Provided records »
__________

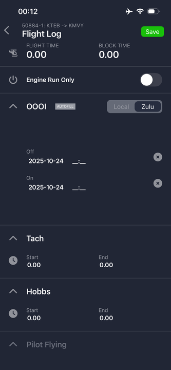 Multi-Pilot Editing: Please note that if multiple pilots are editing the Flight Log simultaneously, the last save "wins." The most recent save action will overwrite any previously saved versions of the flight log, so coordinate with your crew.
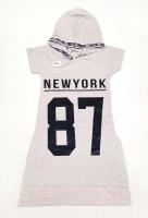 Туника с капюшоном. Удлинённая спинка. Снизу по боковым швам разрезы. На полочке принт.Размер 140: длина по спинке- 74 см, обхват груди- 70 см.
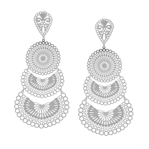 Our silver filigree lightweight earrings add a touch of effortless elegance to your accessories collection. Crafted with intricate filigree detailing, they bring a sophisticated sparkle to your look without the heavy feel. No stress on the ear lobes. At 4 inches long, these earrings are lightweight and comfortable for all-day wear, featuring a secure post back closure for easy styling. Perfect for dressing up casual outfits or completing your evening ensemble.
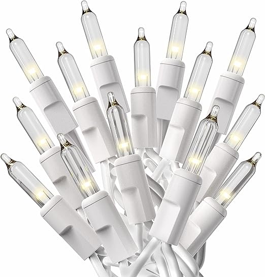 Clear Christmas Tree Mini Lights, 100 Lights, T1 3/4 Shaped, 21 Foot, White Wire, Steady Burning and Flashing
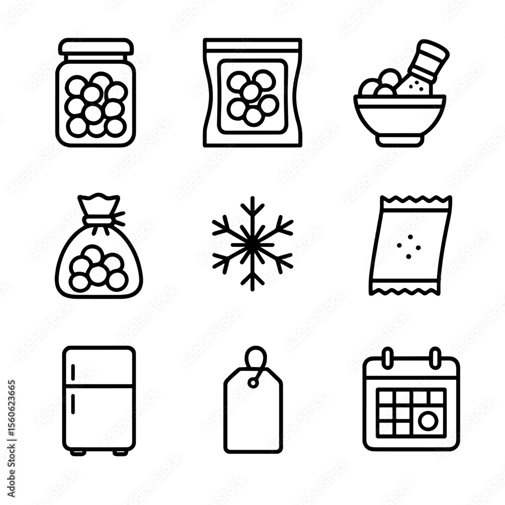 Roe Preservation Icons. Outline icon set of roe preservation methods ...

__________

What is being asked » The response should consist of the lines above from the first through the one containing "Туника с капюшоном.", transcribed exactly, with every picture left out.

Output of the exercise »
 Multi-Pilot Editing: Please note that if multiple pilots are editing the Flight Log simultaneously, the last save "wins." The most recent save action will overwrite any previously saved versions of the flight log, so coordinate with your crew.
 Туника с капюшоном. Удлинённая спинка. Снизу по боковым швам разрезы. На полочке принт.Размер 140: длина по спинке- 74 см, обхват груди- 70 см.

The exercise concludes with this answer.